Work task: Return every line below as is, leaving out the pictures.

Collected material:
※ ※ ※
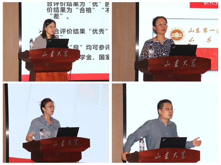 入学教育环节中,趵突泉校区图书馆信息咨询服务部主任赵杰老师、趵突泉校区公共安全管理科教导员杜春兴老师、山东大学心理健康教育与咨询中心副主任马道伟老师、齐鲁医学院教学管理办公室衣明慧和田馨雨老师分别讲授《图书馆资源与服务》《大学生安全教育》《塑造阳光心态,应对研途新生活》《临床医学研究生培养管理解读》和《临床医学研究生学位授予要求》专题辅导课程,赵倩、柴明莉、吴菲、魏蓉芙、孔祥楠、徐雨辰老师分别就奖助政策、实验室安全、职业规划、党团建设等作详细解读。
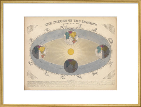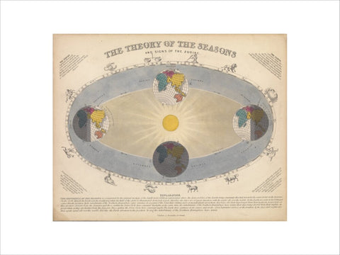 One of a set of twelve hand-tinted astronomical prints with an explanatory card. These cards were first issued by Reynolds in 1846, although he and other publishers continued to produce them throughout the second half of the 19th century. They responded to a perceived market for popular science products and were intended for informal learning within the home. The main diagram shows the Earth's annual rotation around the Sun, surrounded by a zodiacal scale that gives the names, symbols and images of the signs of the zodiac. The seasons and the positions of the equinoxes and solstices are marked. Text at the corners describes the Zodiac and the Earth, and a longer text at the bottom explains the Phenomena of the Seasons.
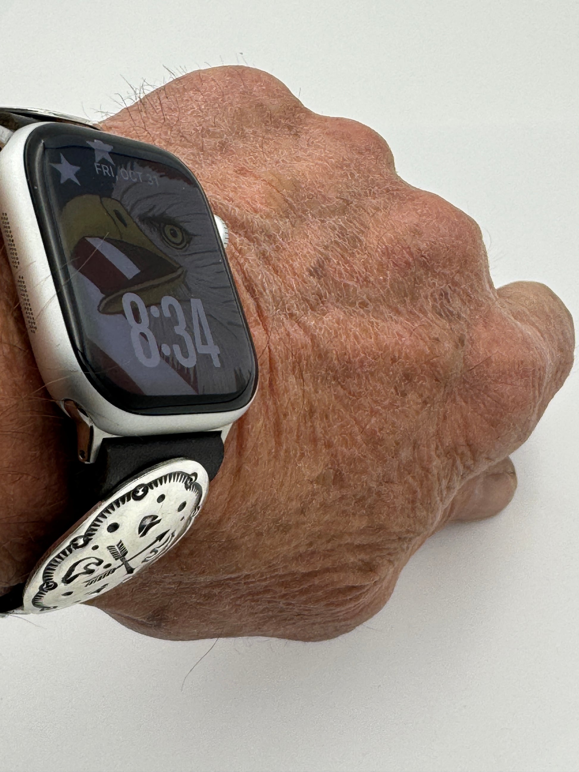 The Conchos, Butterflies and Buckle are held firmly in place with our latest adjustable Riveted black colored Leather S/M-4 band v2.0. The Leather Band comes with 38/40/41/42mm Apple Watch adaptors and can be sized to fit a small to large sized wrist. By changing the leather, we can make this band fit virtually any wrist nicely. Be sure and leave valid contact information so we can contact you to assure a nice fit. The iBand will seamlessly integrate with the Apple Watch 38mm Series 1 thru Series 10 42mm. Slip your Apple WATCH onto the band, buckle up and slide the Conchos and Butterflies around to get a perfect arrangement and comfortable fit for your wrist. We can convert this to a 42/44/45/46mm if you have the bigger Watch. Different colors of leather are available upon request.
※ ※ ※
Solved problem:
 入学教育环节中,趵突泉校区图书馆信息咨询服务部主任赵杰老师、趵突泉校区公共安全管理科教导员杜春兴老师、山东大学心理健康教育与咨询中心副主任马道伟老师、齐鲁医学院教学管理办公室衣明慧和田馨雨老师分别讲授《图书馆资源与服务》《大学生安全教育》《塑造阳光心态,应对研途新生活》《临床医学研究生培养管理解读》和《临床医学研究生学位授予要求》专题辅导课程,赵倩、柴明莉、吴菲、魏蓉芙、孔祥楠、徐雨辰老师分别就奖助政策、实验室安全、职业规划、党团建设等作详细解读。
 One of a set of twelve hand-tinted astronomical prints with an explanatory card. These cards were first issued by Reynolds in 1846, although he and other publishers continued to produce them throughout the second half of the 19th century. They responded to a perceived market for popular science products and were intended for informal learning within the home. The main diagram shows the Earth's annual rotation around the Sun, surrounded by a zodiacal scale that gives the names, symbols and images of the signs of the zodiac. The seasons and the positions of the equinoxes and solstices are marked. Text at the corners describes the Zodiac and the Earth, and a longer text at the bottom explains the Phenomena of the Seasons.
 The Conchos, Butterflies and Buckle are held firmly in place with our latest adjustable Riveted black colored Leather S/M-4 band v2.0. The Leather Band comes with 38/40/41/42mm Apple Watch adaptors and can be sized to fit a small to large sized wrist. By changing the leather, we can make this band fit virtually any wrist nicely. Be sure and leave valid contact information so we can contact you to assure a nice fit. The iBand will seamlessly integrate with the Apple Watch 38mm Series 1 thru Series 10 42mm. Slip your Apple WATCH onto the band, buckle up and slide the Conchos and Butterflies around to get a perfect arrangement and comfortable fit for your wrist. We can convert this to a 42/44/45/46mm if you have the bigger Watch. Different colors of leather are available upon request.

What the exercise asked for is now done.